A New Algorithm for the Optimal Design of Anisotropic Materials
Vážené kolegyně, vážení kolegové,
chtěl bych Vás pozvat na přednášku Prof. Michaela Stingla, FAU Erlangen, Department of Mathematics s názvem "A New Algorithm for the Optimal Design of Anisotropic Materials". Přednáška se bude konat v úterý 8. 3. 2016 od 11:00 hod v zasedací místnosti NTIS/KME UN 448, 4. patro.

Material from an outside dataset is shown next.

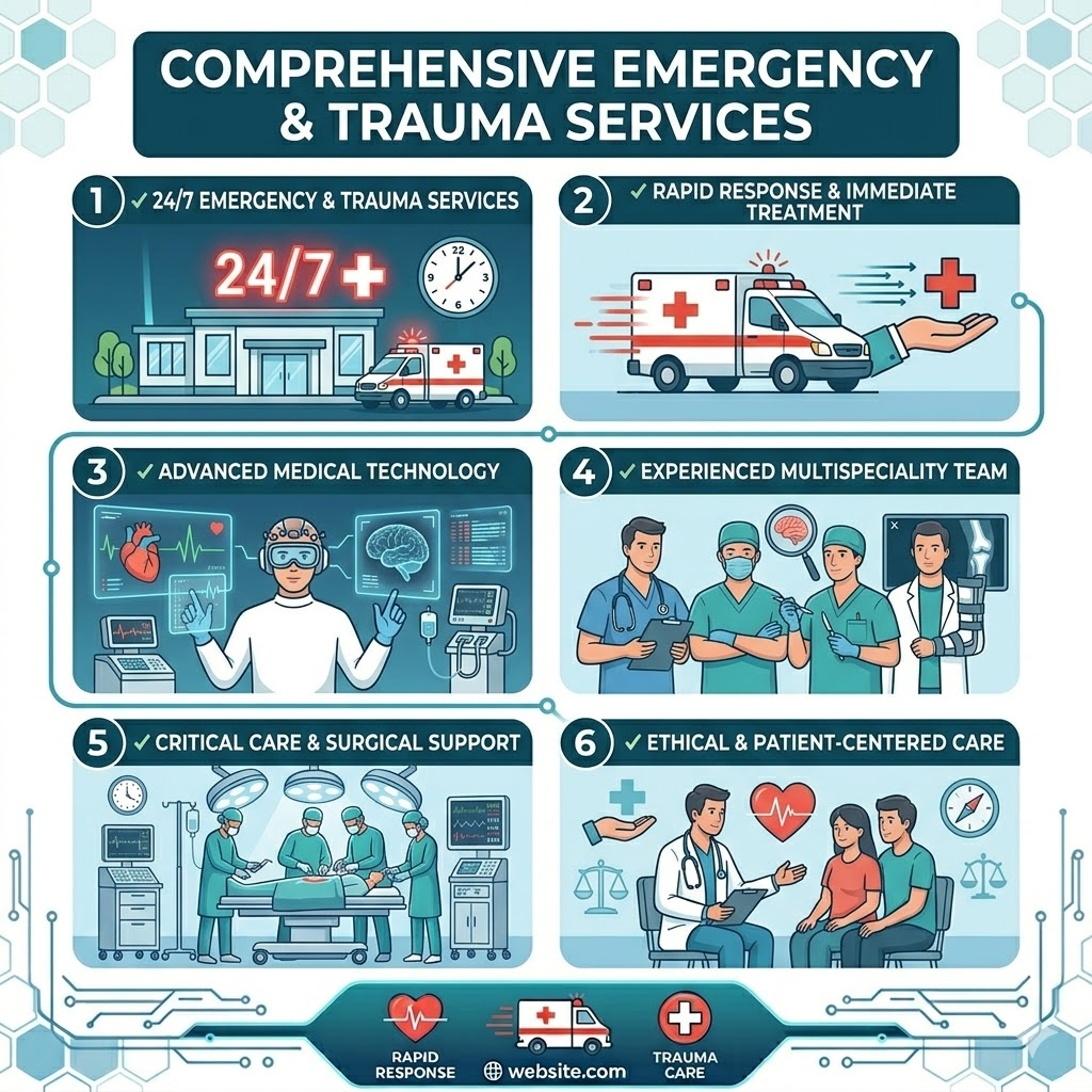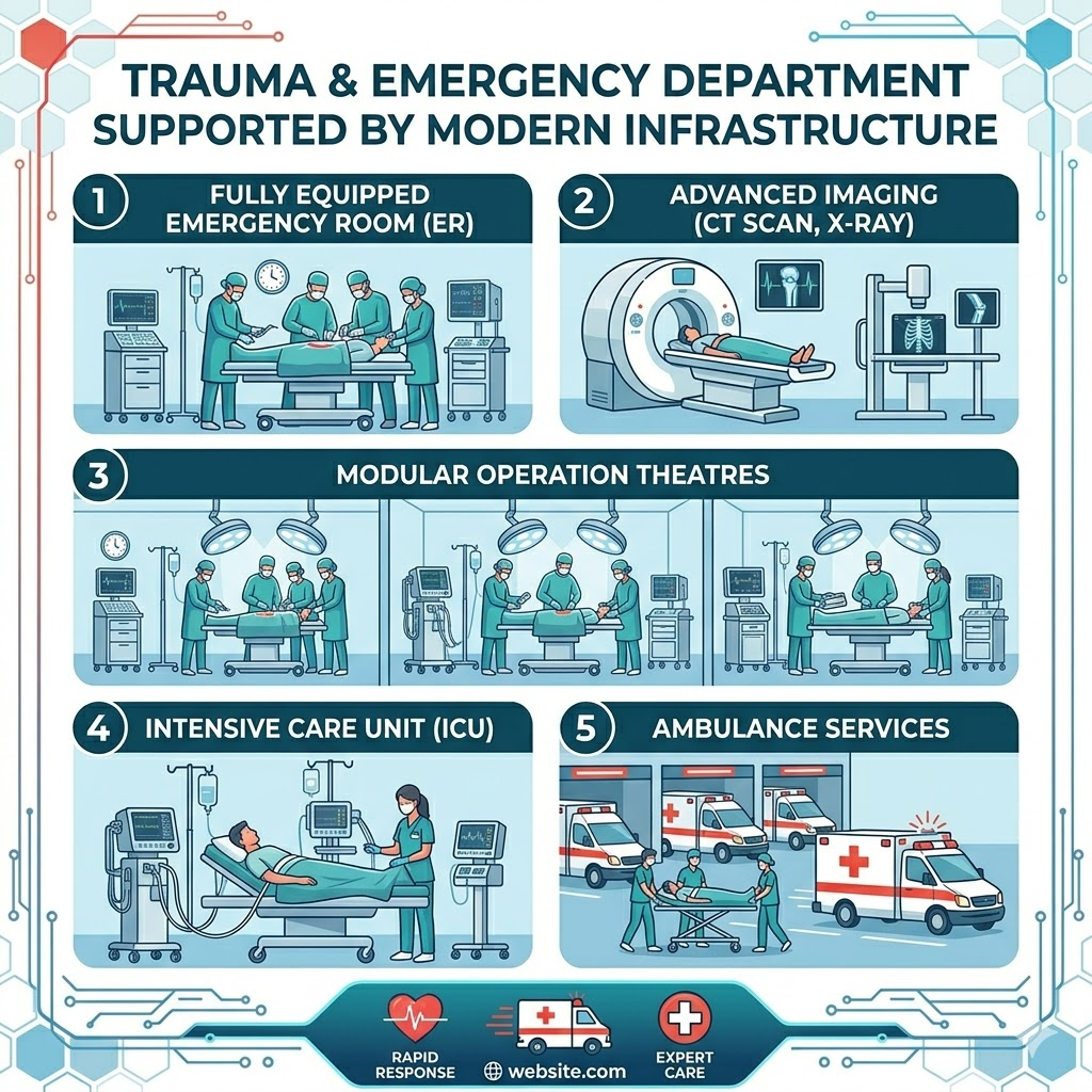 Our Trauma & Emergency Department is supported by modern infrastructure, including:
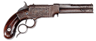 SN 191. Cal. 32 RF 24″ bbl, blue finish, walnut stocks. Bbl has a Beech combination front sight and a unique ladder rear sight with no markings. Bbl is also unmarked. Action opens using knob on right side of receiver to swing bolt out to side. Rear tang sight is also very unique, possibly one-of-a-kind. CONDITION: Very good. Rifle shows a pleasing plum brown patina overall with some bright blue remaining in protected areas of frame. Receiver has traces of bright blue. Trigger guard shows 20% blue with some staining. Stocks are very good showing most orig varnish with marring mostly on left side of buttstock. Buttplate is faceted and shows 20% blue with some rust stains. This is a very rare seldom seen rifle made around 1870. 49468-3 TEP (2,500-4,000) – Lot 1038

Přednáší: Prof. Michael Stingl, FAU Erlangen, Department of Mathematics
A new algorithm for the solution of optimal design problems with control in parametrized coefficients is discussed. The algorithm is based on the sequential convex programming idea, however, in each major iteration a model is established on the basis of the parametrized material tensor. The potentially nonlinear parametrization is then treated on the level of the sub-problem, where, due to block separability of the model, globally optimal solutions can be computed. Although global optimization of non-convex design problems is in general prohibitive, a smart combination of analytic solutions along with standard global optimization techniques leads to a very efficient algorithm for the most relevant material parameterizations. The effectiveness of the algorithm in terms of computation time as well as quality of the solution with respect to global lower bounds is demonstrated by a series of numerical examples. Examples range from free material optimization problems via parametric and discrete material optimization problems (e.g. optimal orientation problems) to two-scale material design.